The Supreme Court took this further in Am. Express Co. v. Italian Colors Rest.6 In that case, the Court held that courts must enforce class action waivers even when doing so may effectively prevent an individual from being able to meaningfully vindicate his or her rights.7 The Court upheld the class action waiver anyway, prompting these sharp remarks from Justice Kagan in dissent: “The monopolist gets to use its monopoly power to insist on a contract effectively depriving its victims of all legal recourse. And here is the nutshell version of today’s opinion, admirably flaunted rather than camouflaged: Too darn bad.”8

The CFPB’s rule intended to reverse the course charted by these Supreme Court decisions and to provide greater protection for consumers. The short-lived rule will likely be remembered as part of the Trump Administration’s dismantling of the Obama Administration’s legacy, and as continuing the trend started by the Supreme Court of strictly enforcing agreements to arbitrate as written. Further, because the Congressional Review Act (CRA) prohibits regulators from issuing rules substantially similar to rules that have been disapproved by Congress, the CFPB may not issue any rule that takes the same approach to prohibiting class action waivers in arbitration clauses.

 

Endnotes

1 Moses H. Cone Mem’l Hosp. v. Mercury Constr. Corp., 460 U.S. 1, 24 (1983).
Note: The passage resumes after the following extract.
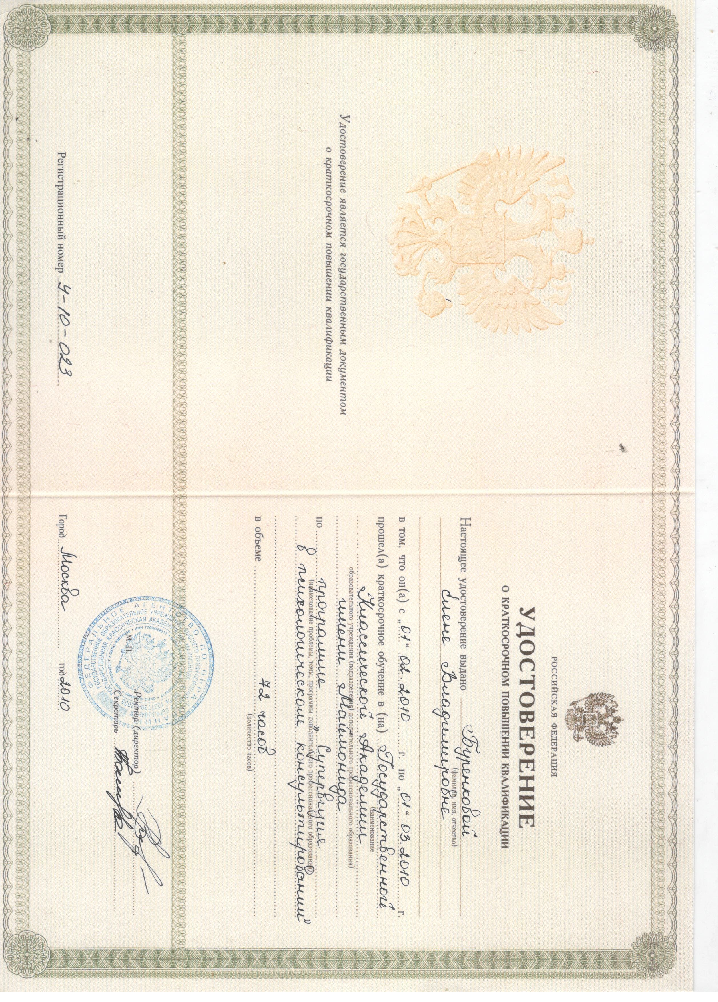 - 01.02.2010 - 01.03.2010г. - Государственная Классическая Академия им. Маймонида, "Супервизия в психологическом консультировании" (удостоверение о краткосрочном повышении квалификации У-10-023, 72 часа).

2 AT&T Mobility LLC v. Concepcion, 563 U.S. 333, 336 (2011).

3 Concepcion, 563 U.S. at 346–47.

4 Concepcion, 563 U.S. at 365.

5 Carnegie v. Household Int’l, Inc., 376 F.3d 656, 661 (7th Cir. 2004) (emphasis in original).

6 133 S. Ct. 2304 (2013).

7 Italian Colors, 133 S. Ct. at 2306; see also DIRECTV v. Imburgia, 136 S. Ct. 463 (2015).

8 Id. at 2313.

 

DISCLAIMER: Because of the generality of this update, the information provided herein may not be applicable in all situations and should not be acted upon without specific legal advice based on particular situations.